“Sell in May, go away” trend reversed under Trump with S&P 500 returning 7x more over summer months

 

“Sell in May, go away” trend reversed under Trump with S&P 500 returning 7x more over summer months


  

  • S&P 500 has returned 9.5% between May and October during Trump years, vs 1.3% during non-Trump years
  • While markets have experienced increased volatility through tariff and aggressive foreign policy under Trump, rapid regains have led to outperformance vs 20-year average
  • FTSE 100 still experiences significant “Sell in May” trend, exacerbated during Trump years

 

The investment adage of “Sell in May, go away” has reversed with Donald Trump in the Oval Office, with the S&P 500 returning seven times more than normal during Trump years, according to analysis from IG.

Returns data for the S&P 500 across the six months between 1st May and  31st October (the traditional “Sell in May” trade period) shows that the market has gained on average 9.5% under Trump versus a gain of just 1.3% across these months during non-Trump years over the past two decades, a seven-fold increase.

Overall, the S&P 500 has significantly outperformed under Trump, with an average annual gain of 14.6% vs a gain of just 6.8% across non-Trump years over the past two decades.
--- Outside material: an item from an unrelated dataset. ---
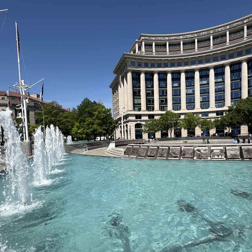 This real world escape room is the most unique escape room near the National Mall. It takes you on a clue-solving adventure to find clues, solve puzzles, and follow an immersive storyline. If you want to keep the experience a surprise, don't read this next bit - it contains some spoilers about where you'll go on our National Mall DC escape room adventure and what you'll see along the way. In Escapely's National Mall escape room, you're a top secret spy tasked with exposing a ring of double agents threatening to take down the agency. You'll start your search for clues at the National Gallery of Art’s Sculpture Garden. It's the perfect outdoor opportunity for some photo ops as you begin the game. Next, you'll head to the Dwight D. Eisenhower Memorial, an open air memorial with beautiful bronze statues and inspirational quotes. Another great spot to snap a pic! Your next stop is the The Trylon of Freedom pillar outside of the DC courthouse. The three sides of the monument represent the separation of the three powers in US government. Then the escape game takes you to Temperance Fountain right next to the National Archives. It was donated to the city when the temperance movement was discouraging alcohol consumption. The fountain offered a refreshing alternative beverage! Your final stop is the US Navy Memorial Plaza, commemorating those who have served. To close out your DC escape room experience, head to Freedom Plaza. The app even recommends the perfect place to grab a bite to eat while you complete your escape!

During non-Trump years over the past two decades, the S&P gained  5.5% between November and April, showing the “Sell in May” phenomenon holds true when Trump has not been in office.

Negative impact for FTSE-100

 

While Trump’s presidencies have had a surprisingly positive impact on the domestic market, particularly across the summer months, the picture is less rosy when looking at the FTSE 100.

During non-Trump years over the past two decades, the FTSE 100 has gained on average 4.7% versus an average loss of -1.4% across Trump years.

The “Sell in May” adage has also held true for the FTSE 100 during Trump’s presidencies so far, with an average loss between May and October of -2% compared with a gain of 0.6% between November and April.

The trend is even more pronounced across non-Trump years over the past two decades, with an average loss between May and October of -0.3% versus a gain of 5% during the winter months.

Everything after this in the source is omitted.